## Work to complete
Starting at the top of the listing, extract every line up to and including the one with "1913 年,他整理的相关文章发布在了医学顶级杂志柳叶刀 Lancet". Pictures stay out of the copy.

## Information shown
- - -
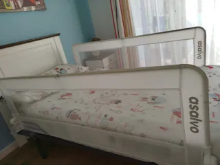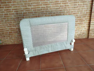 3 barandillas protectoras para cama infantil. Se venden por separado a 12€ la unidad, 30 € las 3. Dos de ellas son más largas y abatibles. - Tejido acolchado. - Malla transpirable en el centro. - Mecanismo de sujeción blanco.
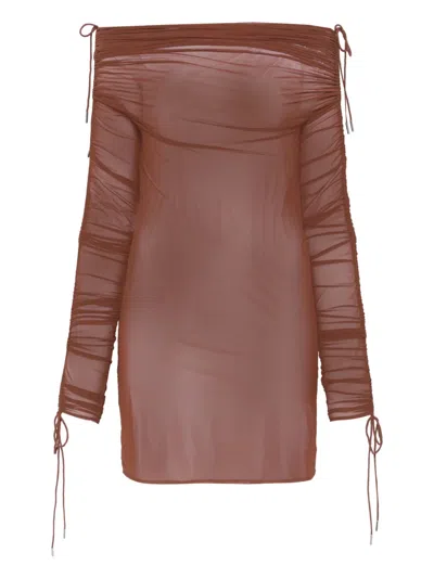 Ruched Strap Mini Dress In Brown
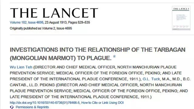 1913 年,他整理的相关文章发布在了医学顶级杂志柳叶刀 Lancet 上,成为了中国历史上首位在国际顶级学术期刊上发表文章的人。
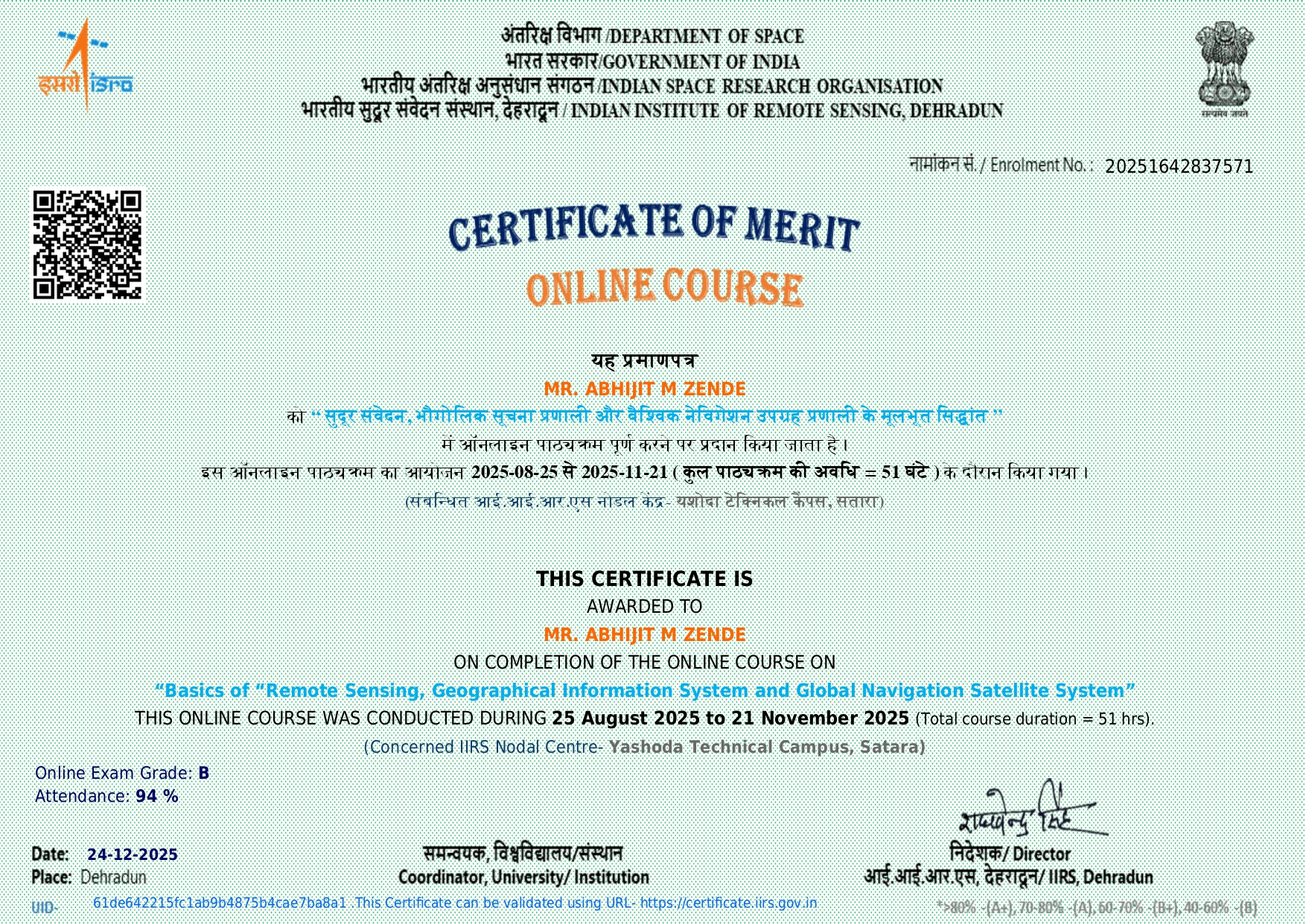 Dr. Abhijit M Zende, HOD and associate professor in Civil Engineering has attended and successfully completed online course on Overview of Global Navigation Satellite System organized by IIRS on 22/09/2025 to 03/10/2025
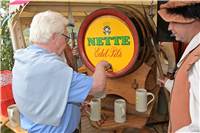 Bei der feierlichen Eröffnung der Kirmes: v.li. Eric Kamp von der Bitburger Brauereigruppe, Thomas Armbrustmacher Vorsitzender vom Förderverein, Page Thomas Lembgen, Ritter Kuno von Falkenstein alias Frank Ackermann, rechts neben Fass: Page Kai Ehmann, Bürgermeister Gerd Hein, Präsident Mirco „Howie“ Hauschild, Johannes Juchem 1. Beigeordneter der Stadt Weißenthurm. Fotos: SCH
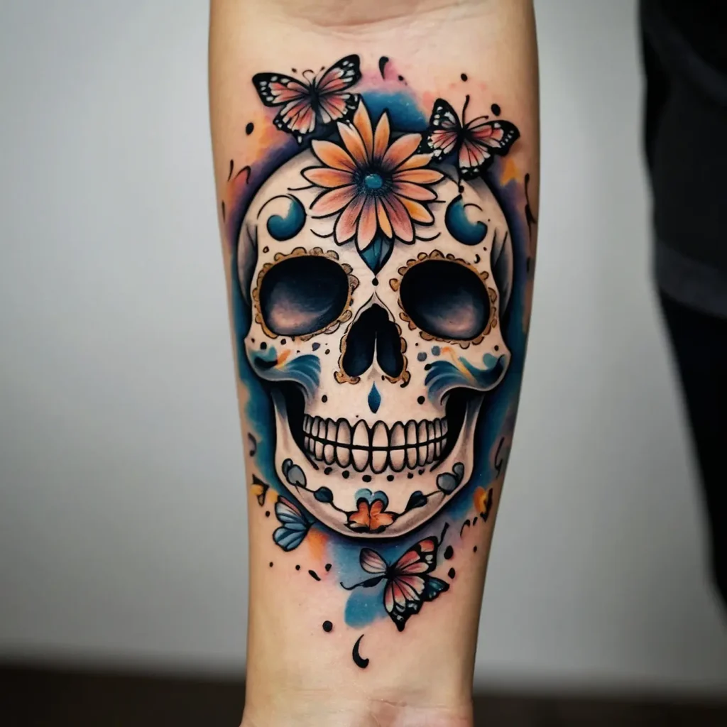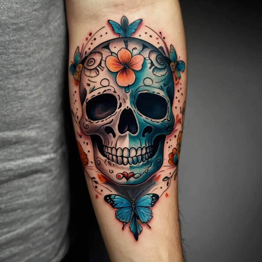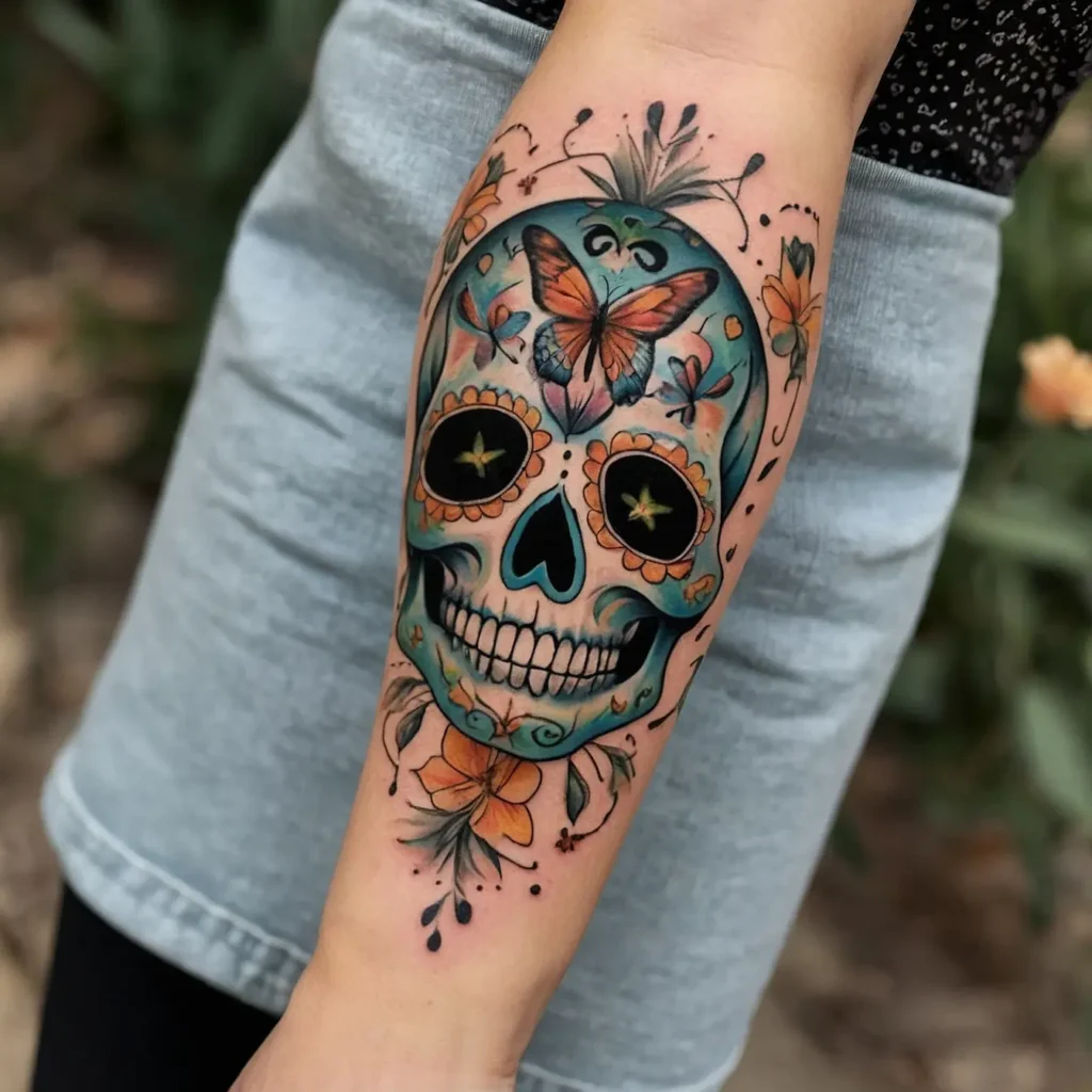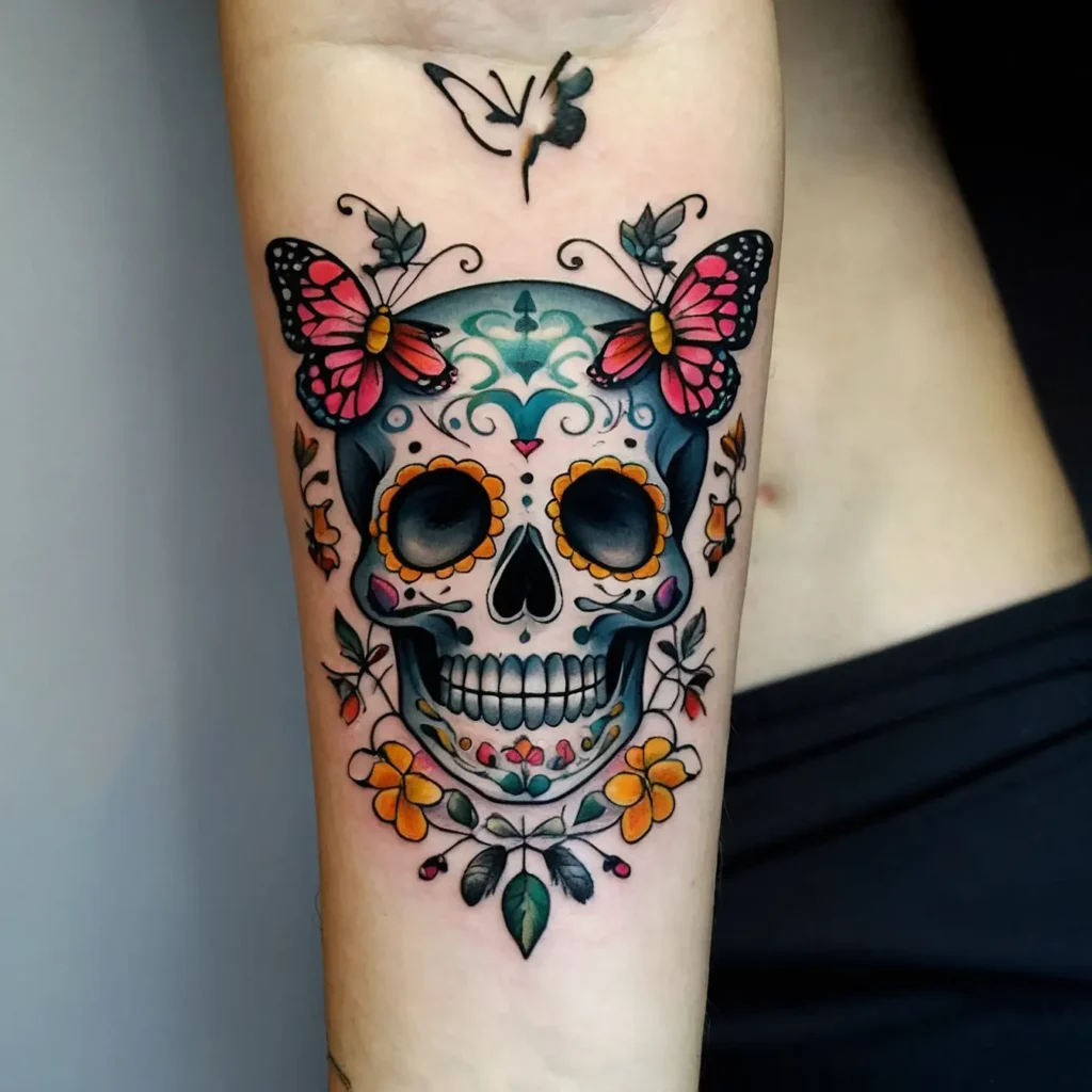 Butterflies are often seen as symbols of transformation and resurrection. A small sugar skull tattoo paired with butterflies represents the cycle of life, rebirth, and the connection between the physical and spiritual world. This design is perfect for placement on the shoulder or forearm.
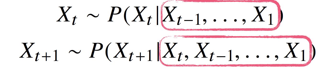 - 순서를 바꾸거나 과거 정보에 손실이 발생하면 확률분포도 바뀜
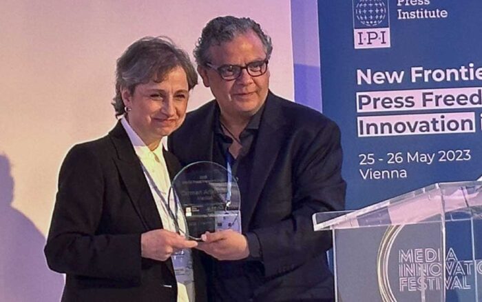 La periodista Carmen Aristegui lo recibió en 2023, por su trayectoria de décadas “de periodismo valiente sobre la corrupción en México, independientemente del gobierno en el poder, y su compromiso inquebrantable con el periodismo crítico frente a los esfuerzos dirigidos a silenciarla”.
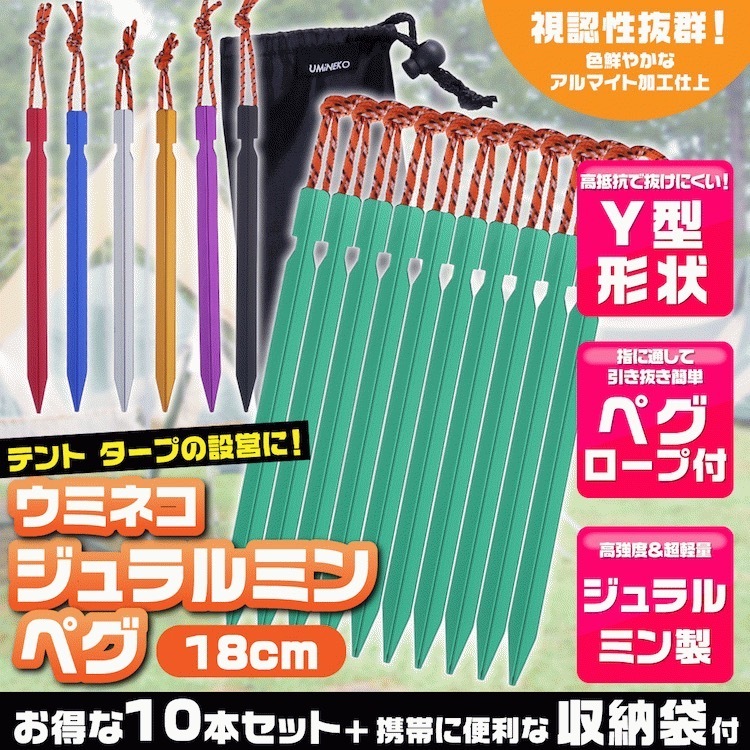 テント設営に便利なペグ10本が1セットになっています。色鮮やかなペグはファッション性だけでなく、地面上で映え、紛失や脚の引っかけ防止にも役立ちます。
- - -
## Expected answer
 3 barandillas protectoras para cama infantil. Se venden por separado a 12€ la unidad, 30 € las 3. Dos de ellas son más largas y abatibles. - Tejido acolchado. - Malla transpirable en el centro. - Mecanismo de sujeción blanco.
 Ruched Strap Mini Dress In Brown
 1913 年,他整理的相关文章发布在了医学顶级杂志柳叶刀 Lancet 上,成为了中国历史上首位在国际顶级学术期刊上发表文章的人。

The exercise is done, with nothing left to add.